Below are some records. Retype exactly the lines from the one containing "勉強の時間や遊びの時間、お手" through the one containing "Union La Calera", both included, skipping every picture.

Material provided ->
* * *

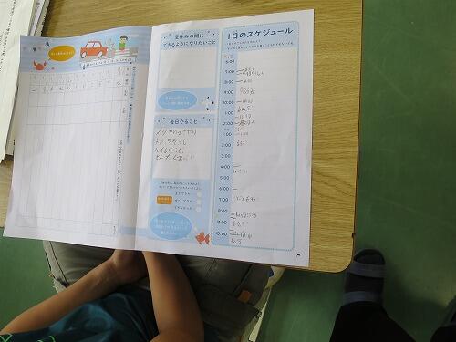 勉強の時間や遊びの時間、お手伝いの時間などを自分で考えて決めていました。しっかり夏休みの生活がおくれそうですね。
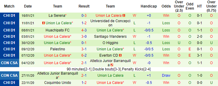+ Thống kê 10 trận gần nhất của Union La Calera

* * *

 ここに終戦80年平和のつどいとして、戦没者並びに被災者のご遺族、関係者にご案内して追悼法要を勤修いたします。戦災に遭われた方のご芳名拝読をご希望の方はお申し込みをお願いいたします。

* * *

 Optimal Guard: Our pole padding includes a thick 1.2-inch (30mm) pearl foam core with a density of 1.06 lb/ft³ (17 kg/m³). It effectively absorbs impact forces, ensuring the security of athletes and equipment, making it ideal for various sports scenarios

* * *

Exercise answer ->
 勉強の時間や遊びの時間、お手伝いの時間などを自分で考えて決めていました。しっかり夏休みの生活がおくれそうですね。
+ Thống kê 10 trận gần nhất của Union La Calera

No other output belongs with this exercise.